After meeting the eligibility criteria through structured interview and medical evaluations, participants provide informed consent. They were then randomly assigned to one of two treatment regimens: either receiving 800 mg CBD (4 × 200 mg gel capsules per day, days 1–3) or matched placebo for two consecutive days. Following an average washout of 29.2 days (SD = 11.25), participants received the alternate treatment allocation at the subsequent session.

On the first testing day (T1), participants presented to the RPAH to receive the first dose of CBD or Placebo and complete a series of questionnaires as detailed above. On the second day (T2), participants received their second dose under supervision then completed a battery of executive functioning tasks, followed by assessments of craving and mood (see below). They were then escorted to an imaging facility for an MRI scan conducted 90 min after their second dose of CBD/matched placebo, aligned with literature suggesting C_max occurs between 1 and 4 h post-dose [ref. 16, ref. 36, ref. 37]. Prior to imaging, participants underwent a blood alcohol content (BAC) reading (BAC = 0.00 was required), followed by a structural scan and functional cue reactivity task-based acquisition. Craving was assessed after alcohol and control cue blocks, as well as before and after the scan. Following washout, participants subsequently received the alternate capsules and completed the same testing procedure. Following completion of the repeated testing days, participants underwent a follow-up over the phone, with an average of 34 days (SD = 15.7) between final testing day and follow-up.

Interventions

Softgel capsules containing 200 mg CBD in medium chain triglyceride (MCT) oil (manufactured by Linnea SA, Lavertezzo, Switzerland) [ref. 38] and matching placebo (softgel capsules containing only MCT oil) was purchased from BOD Science [ref. 39]. The matching placebo was identical in appearance, taste, and composition except for the active ingredient of pure CBD. A three-day consecutive dose regimen was administered as follows: T1 (Day 1): 4 × 200 mg followed by T2 (Day 2 Experimental Session 1): 4 × 200 mg and then T3 (Day 3 Experimental Session 2): 4 × 200 mg. Participants were administered CBD and placebo orally with water, under supervision, to ensure compliance with the dose regimen.

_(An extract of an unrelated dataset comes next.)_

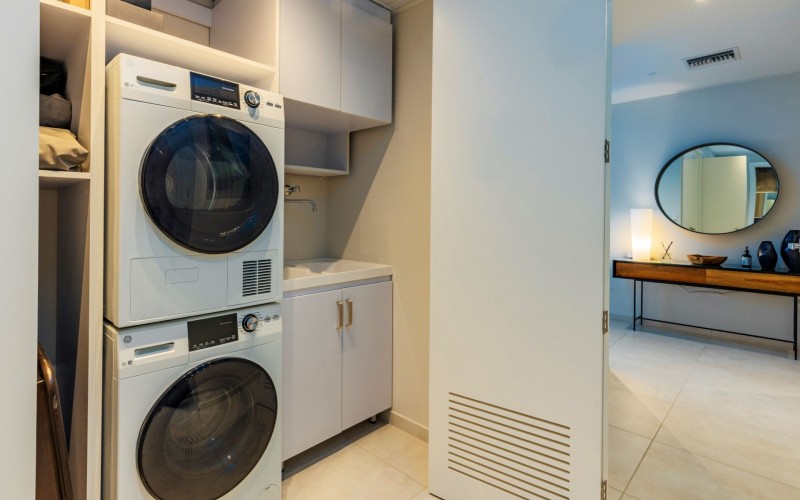 Enjoy modern conveniences such as a front-load washer and dryer, powder room, safe, high-speed internet, large alfresco dining table, comfortable lounging beds on the balcony, and a kitchen island with seating for six. Additional amenities include beach chairs, a cooler, games, and underground parking.

Randomisation and allocation concealment

This study was conducted under double-blind conditions such that participants and study staff were unaware of medication assignment. A computer-generated random allocation procedure was conducted through REDCap (Research Electronic Data Capture; a secure web application for building and managing online surveys and databases; [ref. 40]) by the allocated RPAH pharmacist.

Measures

Sample characteristics

The following questionnaires were presented on Day 1, and responses collected online using REDCap: (1) Demographics, medical history, personal and family history of AUD, and alcohol treatment history as collected in previous research [ref. 41]; (2) a structured psychiatric diagnostic interview using the Mini-International Neuropsychiatric Interview (MINI) [ref. 42] (3) recent (last 28 days) alcohol consumption (frequency/quantity) assessed by the Timeline Followback Method (TLFB; [ref. 43]); (4) severity of alcohol dependence assessed by the Alcohol Dependence Scale (ADS; [ref. 44]); (5) craving for alcohol measured by the Penn Alcohol Craving Scale (PACS; [ref. 45]; (6) symptoms of depression, anxiety and stress as measured by the Depression Anxiety Symptom Scale (DASS) (Lovibond & Lovibond, 1995); (7) sleep problems as assessed by the Insomnia Severity Index (ISI; Bastien, Vallieres, & Morin, 2001).

Craving and mood

The following self-reported questionnaires were collected on Day 2 using REDCap unless preformed within the scanner for which Inquisit 4 [ref. 46] was used: (1) Positive and Negative Affect Schedule (PANAS; [ref. 47]), with higher scores indicating higher positive and negative mood states pre- and post- scan; (2) Alcohol Urge Questionnaire (AUQ) was used to assess expectancy of alcohol effects and urge to drink alcohol [ref. 48]; (3) 11-point Visual Analogue Scale (VAS) was used to assess alcohol craving, thirst, and anxiety, and was captured before, during, and afte the scan.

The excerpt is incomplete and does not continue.